Inoltre, considerato che alcuni Paesi europei hanno già la possibilità di applicare un’aliquota ridotta, non inferiore al 12%, su alcuni beni e servizi non inclusi nel citato allegato III, allo scopo di assicurare parità di trattamento, sarà consentito applicare aliquote ridotte, non inferiori al 12%, a beni e servizi diversi da quelli di cui al ripetuto allegato III, ma alle stesse condizioni esistenti alla data del 1^ gennaio 2021.
Sarà consentita pure un’aliquota “super ridotta”, ossia inferiore al minimo del 5%, nonché una esenzione con diritto a detrazione dell’Iva pagata “a monte”, ma solo per le cessioni di beni e le prestazioni di servizi contemplate da alcuni punti dell’allegato III, tra cui la cessione e installazione di pannelli solari su abitazioni private.
Come si diceva prima, qualcosa si muove. Ma ancora la strada da percorrere per giungere alla vera riforma delle operazioni intracomunitarie è ancora lunga.

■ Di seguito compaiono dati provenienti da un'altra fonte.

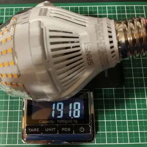 The plastic construction is flexible, and creaks a bit when squeezed. Due to the massive ceramic heatsink this bulb is heavier than any similar bulb I have. 192g, while my next heaviest is 145g, and a simple LED bulb is only 42g.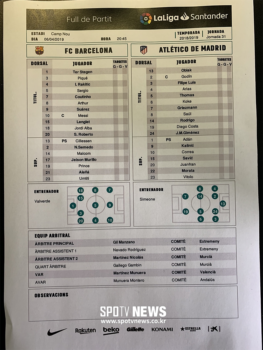 바르셀로나는 7일 오전 3시 45분(한국시간) 스페인 바르셀로나 캄노우에서 열린 2018-19시즌 스페인 프리메라리가 31라운드 아틀레티코전에서 2-0으로 승리했다. 리그 19경기 연속 무패로 리그 선두를 유지했다. 메시는 안방에서 바르셀로나 통산 416호골을 넣으며 포효했다.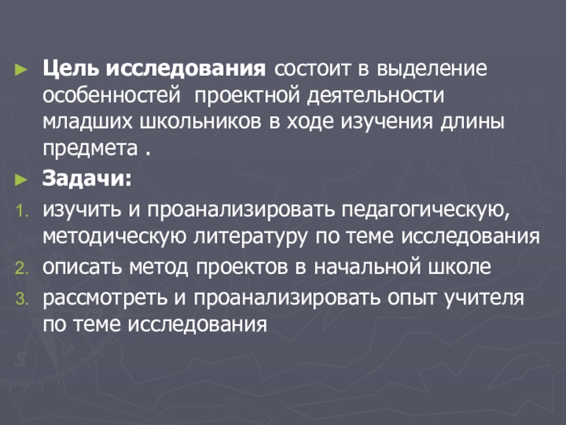 Слайд 2Цель исследования состоит в выделение особенностей проектной деятельности младших школьников в

Nel frattempo le falle dell’attuale sistema (provvisorio) continuano a farsi sentire. Le violazioni, che spesso sono vere e proprie truffe all’Erario, e le occasioni di interpretazioni discutibili che sfociano nel contenzioso, sono abbastanza frequenti. Speriamo, quindi, che le esigenze manifestate dalla recente direttiva affrettino la conclusione di questa storia che, come sopra evidenziato, dura da trent’anni.